I am trying to implement a SwingWorker
class within my application. Is there a way to set a length of time that after which, the SwingWorker \"times out\"? I
The short answer is "it's hard", depending on what your requirements are. I highly recommend reading Java Concurrency In Practice.
The basic thing you could do would be to (a) make sure your SwingWorker's Runnable is interrupt-friendly, and (b) set a Timer (or use the blocking get() call Brian mentioned) to cancel your Future.

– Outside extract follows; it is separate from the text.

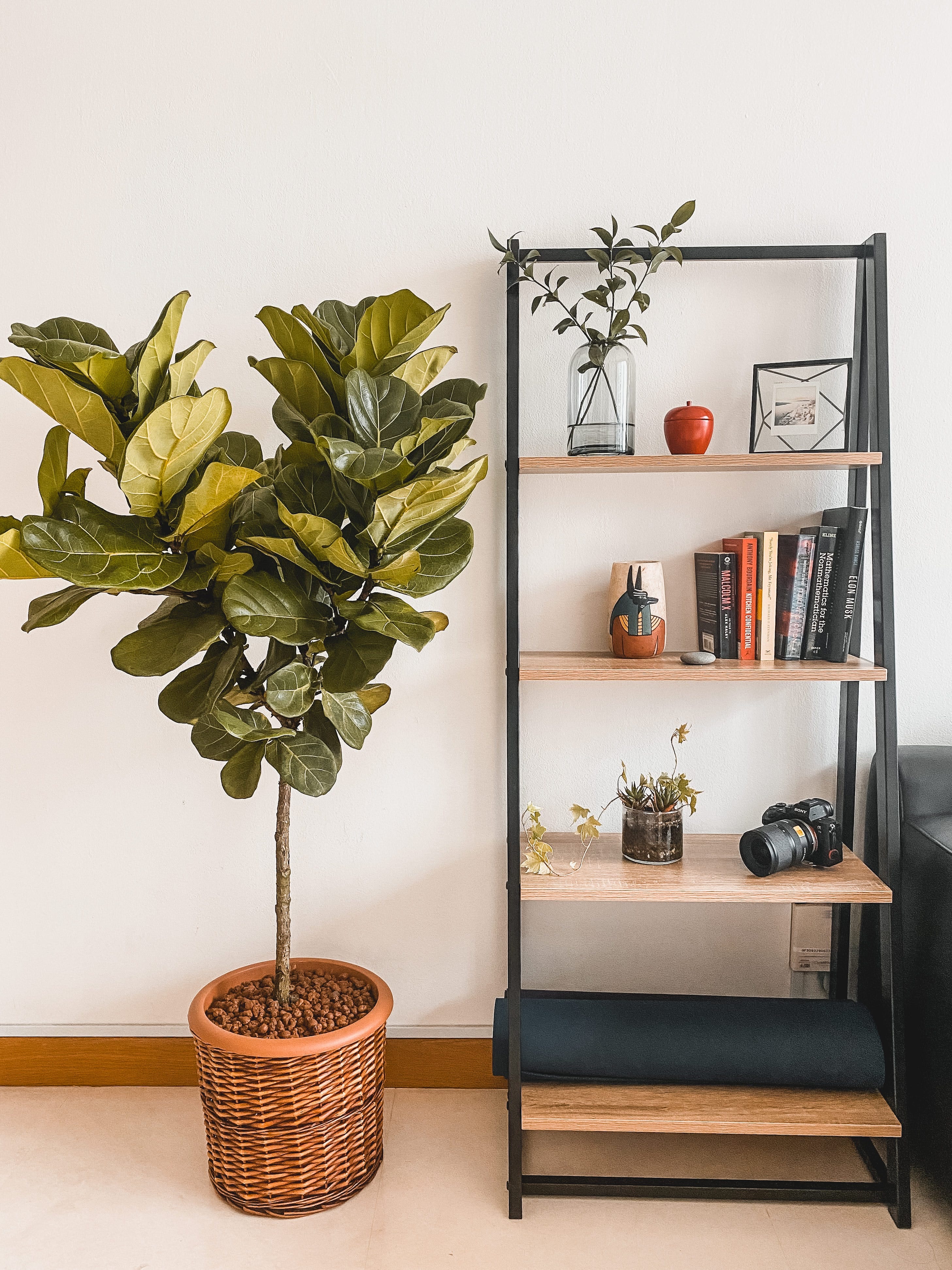 Tôi làm một góc kệ nhỏ kế bên ghế sofa để sách, và cây - tạo không khí xanh trong nhà. Từ ngày có góc này, tôi cũng chăm ra phòng khách đọc sách hơn, thay vì cứ ru rú trong phòng làm việc.

The inner class MySwingWorker may well do what you need:
package com.misc;
import java.awt.event.ActionEvent;
import java.awt.event.ActionListener;
import java.util.concurrent.Callable;
import java.util.concurrent.FutureTask;
import java.util.concurrent.TimeUnit;
import javax.swing.JButton;
import javax.swing.JFrame;
import javax.swing.JPanel;
import javax.swing.SwingUtilities;
public class FutureStuffGUI extends JFrame {
/**
* Provides a variant of SwingWorker which operates with a timeout.
*
* @param <T>
*/
private static abstract class MySwingWorker<T> {
private T result;
private Exception raised;
/**
* Constructor.
*
* @param timeout
* @param timeUnit
*/
public MySwingWorker(final long timeout, final TimeUnit timeUnit) {
result = null;
raised = null;
System.out.println(Thread.currentThread().getName() + " starting");
final FutureTask<T> future = new FutureTask<T>(new Callable<T>() {
public T call() throws Exception {
System.out.println(Thread.currentThread().getName() + " running");
T result = doInBackground();
return result;
}
});
System.out.println(Thread.currentThread().getName() + " future: " + future);
final Thread runner = new Thread(null, future, "FutureThread");
Thread watcher = new Thread(null, new Runnable() {
@Override
public void run() {
runner.start();
try {
result = future.get(timeout, timeUnit);
} catch (Exception ex) {
raised = ex;
}
SwingUtilities.invokeLater(new Runnable() {
@Override
public void run() {
assert SwingUtilities.isEventDispatchThread();
done();
}
});
}
}, "WatcherThread");
watcher.start();
}
/**
* Implement this method as the long-running background task.
*
* @return
* @throws Exception
*/
abstract protected T doInBackground() throws Exception;
/**
* This method is invoked from the UI Event Dispatch Thread on completion or timeout.
*/
abstract protected void done();
/**
* This method should be invoked by the implementation of done() to retrieve
* the result.
*
* @return
* @throws Exception
*/
protected T get() throws Exception {
assert SwingUtilities.isEventDispatchThread();
if (raised != null) {
throw raised;
} else {
return result;
}
}
}
public FutureStuffGUI() {
super("Hello");
init_components();
}
private void init_components() {
JPanel panel = new JPanel();
JButton button = new JButton("Press");
panel.add(button);
add(panel);
pack();
button.addActionListener(new ActionListener() {
@Override
public void actionPerformed(ActionEvent e) {
new MySwingWorker<String>(5, TimeUnit.SECONDS) {
@Override
protected String doInBackground() throws InterruptedException {
assert !SwingUtilities.isEventDispatchThread();
System.out.println(Thread.currentThread().getName() + " doInBackground");
// if (true) { throw new RuntimeException("Blow up"); }
Thread.sleep(6 * 1000);
return "Hello world!";
}
@Override
protected void done() {
assert SwingUtilities.isEventDispatchThread();
String result;
try {
result = get();
System.out.println(Thread.currentThread().getName() + " done; result: " + result);
} catch (Exception ex) {
System.out.println(Thread.currentThread().getName() + " done; errored:");
ex.printStackTrace();
}
}
};
};
});
}
public static void main(String[] args) {
FutureStuffGUI ui = new FutureStuffGUI();
ui.setVisible(true);
}
}
Any particular reason for not using the SwingWorker.get(long, java.util.concurrent.TimeUnit) ? It will throw TimeoutException that you can easily handle in your application.
Why not embed your task within a Runnable, drop it into a new single-threaded ExecutorService and then perform a get()
on the resulting Future with an appropriate timeout. That would give you your timeout functionality, since get()
will throw an exception if the job doesn't complete in time.